I would say, when the child seems uncomfortable, I would stop being naked around him. I think with ds we're getting close to that point, he's ok with himself or his sister being naked, but not really with me.

Dd couldn't care less!


----------



## Smithie (Dec 4, 2003)

"At...was it 16 months?...this isn't even on my radar. Mind you, I don't believe that modesty, with respect to nudity, is a virtue, anyway. So, I may be coming from a different place on this than other people."

Yeah, I can't imagine thinking about it at 16 months.

I have a 7 y.o., and he recently put the kibosh in bathing together (doesn't mind bathing with his sister if the occasion calls for it, but has decided that post-pubescent female genitalia is "horrible" and not something he wants to be in close proximity to, ever. He was very clear on this







). But he doesn't seem to notice or care about nudity (his, mine or Dad's) while sleeping, getting dressed etc. I assume that once he hits puberty, he'll start to feel different about this kind of thing, and I will have to invest in a nightgown.

But at 16 months? No way it was on his radar.


----------



## APToddlerMama (Oct 5, 2009)

Quote:


> Originally Posted by *transylvania_mom*
> 
> To answer OP's question: my mom made a similar comment about dh taking baths with dd. What was annoying to me was that she never made any comments about me bathing with ds!

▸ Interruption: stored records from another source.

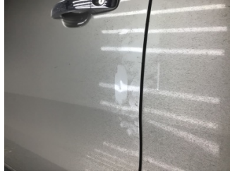
Kapı, sol ön, Kapı, sol ön > Noktasal Ezik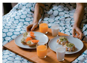
Ontbijt op bed serveren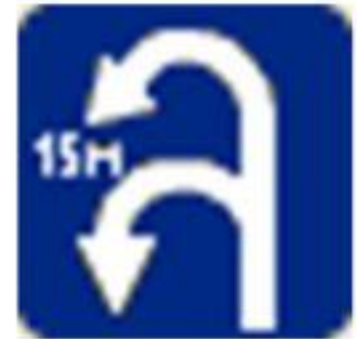
"Зона для разворота"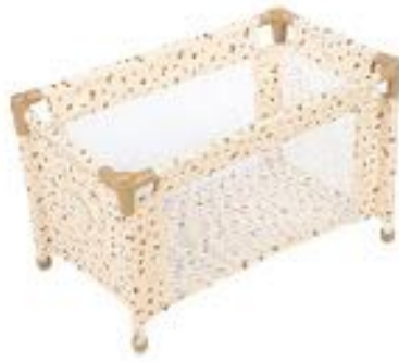
CUNA DE VIAJE MUÑECAS REF 59-65173

Fabricada en madera de haya, diseñada para que las muñecas descansen cómodamente. Medidas: 60 x 29 x 25 cm. (No incluye ropa de cama). Edad recomendada: a partir de 3 años.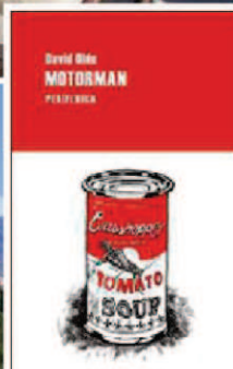
MOTORMAN de David Ohle (Periférica). Este autor de culto de los años setenta llenará de vorágine tus descansos.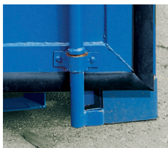
Tür mit Dichtgummi und Verriegelungsstange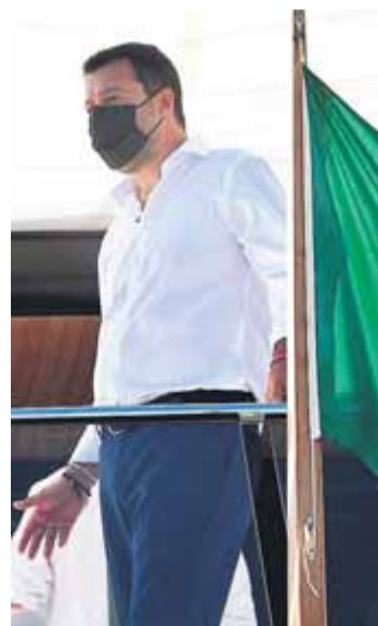
Matteo Salvini optaria per no extraditar ningú

Per la seva banda l'equilibrista Salvini, preguntat per la

Depending on your kids' ages when she became concerned though, I don't know that it is that "off." I have never felt uncomfortable seeing my mom naked, even now, but definitely started to feel uncomfortable at a young age with seeing my dad naked...probably 3 or 4, which I am guessing is young compared to most, though I don't know. That was also around the time when I stopped seeing him naked so either he figured out I was uncomfortable or became uncomfortable himself.


----------



## Kerrie (Jul 23, 2003)

Quote:


> Originally Posted by *North_Of_60*
> 
> In the context of Princesstutu, it doesn't really matter what kind of nudity is the problem. Her son brought it up, she dismissed him, and then told HIM to put clothes to make himself more comfortable. I'm assuming the article of clothing she's talking about was an eye cover? Because that's about the only thing that I can see working.

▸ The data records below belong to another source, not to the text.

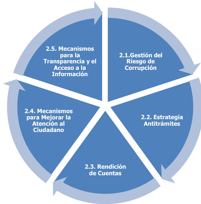
Grafica No. 1. Componentes del Plan Anticorrupción y atención al ciudadano. Fuente: Autores. Coralina 2020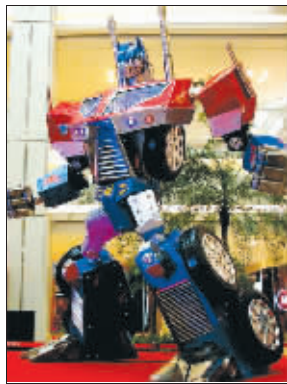
巨型擎天柱 隋鲁鲁 摄

今年“十一”期间,红山动物园动漫园将举办变形金刚展,展出近200件不同时期的变形金刚。而其中最震撼的,是一个带光电系统的巨型“擎天柱”。这个高达3.05米的大家伙究竟什么样?昨天,记者采访了它的主创人员之一、南京动漫“手办”发烧友隋鲁鲁。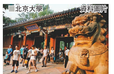
北京大學 資料圖片 香港文匯報訊 據中社報道，北京大學昨日發佈關於招聘中國內地男演員翟天臨為博士後的調查說明，認定翟天臨存在學術不端行為，並同意該校光華管理學院13日對其作出的退出博士後科研流動站決定。

北大表示，經調查發現，在翟天臨進站材料審核、面試和錄用過程中，合作導師、面試小組和光華管理學院存在學術把關不嚴、實質性審核不足的問題。因此，學校決定對該合作導師作出停止招聘博士後的處理，對面試小組成員給予嚴肅批評，責成光華管理學院作深刻檢查。

I was responding to the OP.


----------



## BroodyWoodsgal (Jan 30, 2008)

I agree with most people here about nudity not being a real issue. Being naked feels good and is necessary for bathing, sleeping comfortably, etc...we bed share and I'm usually only wearing a nursing top, DH a tshirt and kiddos naked but for diapers...so we're cool with bodies. DD has "noticed" DHs genitals and points sometimes and says "hahaha, dada has a penis, hahahahahaha" - but DH just sort of says "yup" and walks on. If she laughs at it AND tries to poke it (HAS HAPPENED!) he says "Hey, that's MY penis, it's not for you, it's for me" - same as when she tries to make me look at her "Gyna" (what she calls her vulva/vagina)....she will say "Haha mama, look, look it's my GYNAAAA!" and I just sort of say "Hey kid, that is your gyna, not for me. My gyna is for me only and your gyna is for you" - and she usually just laughs and walks away. But, that's life with a three year old, she's in the "hhmmm, everyone has a penis or a gyna" phase and so she sometimes points it out (even to strangers, like, in the store







).

But yeah, we think it's normal, totally not bothered by nudity. We don't make it a point to be nude or anything.....but "nude-appropriate" actitvities...yeah. We're fine.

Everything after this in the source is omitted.